What’s happening in the English education system and how does it compare to Singapore’s system?

by Stacey Dingwall

At the end of last year, we looked at the state of the Scottish education system following the publication of some disappointing Pisa results for the country. In this blog, we focus on some of the issues recently highlighted within the English education system, and how the system compares to that of Singapore – a system that is frequently identified as a model for other countries.

Pisa (Programme for International Student Assessment)

Although there was no significant change in England’s absolute score in the 2015 OECD survey of maths, science and reading, or in the country’s performance relative to other countries, England’s rankings did not experience the same decline seen in Scotland and Wales. While Scotland’s scores across all three areas were the lowest they had recorded in any other Pisa survey, pupils in England performed slightly above the OECD average in reading for the first time.

After a similar stagnation in scores were achieved in the previous Pisa survey, the Minister of Schools for England, Nick Gibb, promised reforms and funding in order to ensure that the country was able to better compete with the top performing countries. The 2015 results show that East Asian countries including Singapore continue to dominate the rankings, and are continuing to make advances.

Teaching

The success of Singapore’s education system has been attributed to its investment in its teachers. All of the country’s teachers are trained at its National Institute of Education and are selected from the top 5% of graduates.
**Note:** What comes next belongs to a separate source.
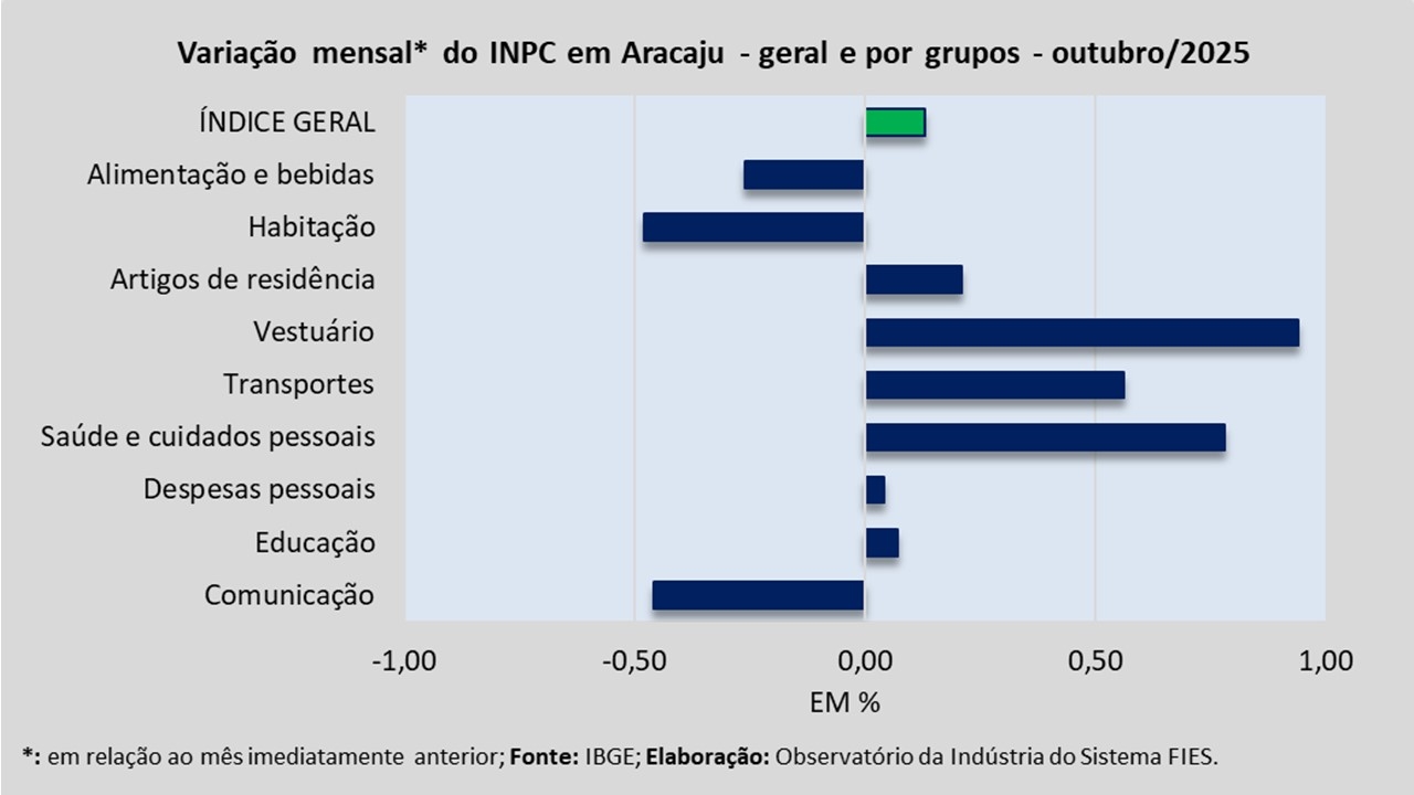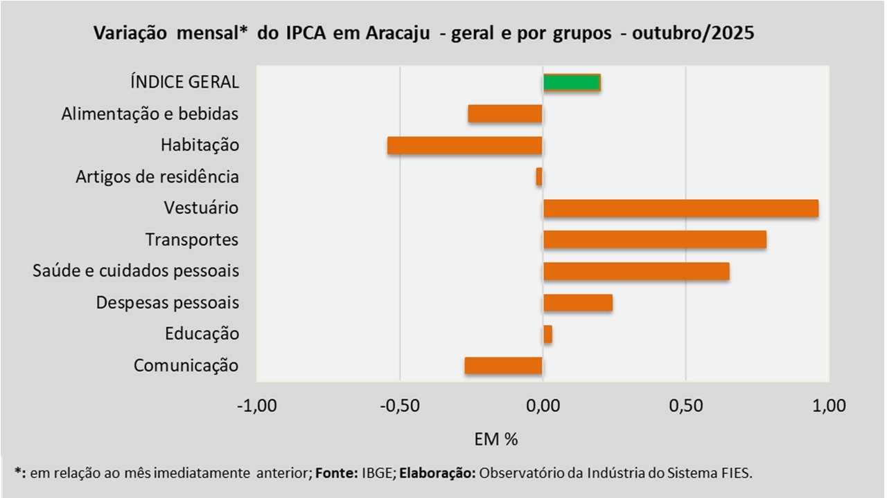 Análise realizada pelo Observatório da Indústria do Sistema FIES, com base nos dados do Instituto Brasileiro de Geografia e Estatística (IBGE), revelou que, em outubro deste ano, a capital sergipana registrou uma inflação de 0,20%, medida pelo Índice de Preços ao Consumidor Amplo – IPCA. Com o resultado de outubro, a inflação acumulada no ano de 2025 chegou a 4,22%.

Teachers are required to commit to the profession for at least three years and are mentored by ‘master teachers’ at the start of their careers.

As we highlighted on the blog recently, the House of Commons Education Committee raised concerns about teacher training and recruitment in England in the report of their inquiry. The evidence the Committee received suggested that the government is failing to take “adequate” action to tackle what is described as “significant” teacher shortages in England. The report highlights data that more than 10% of teachers leave the profession after a year.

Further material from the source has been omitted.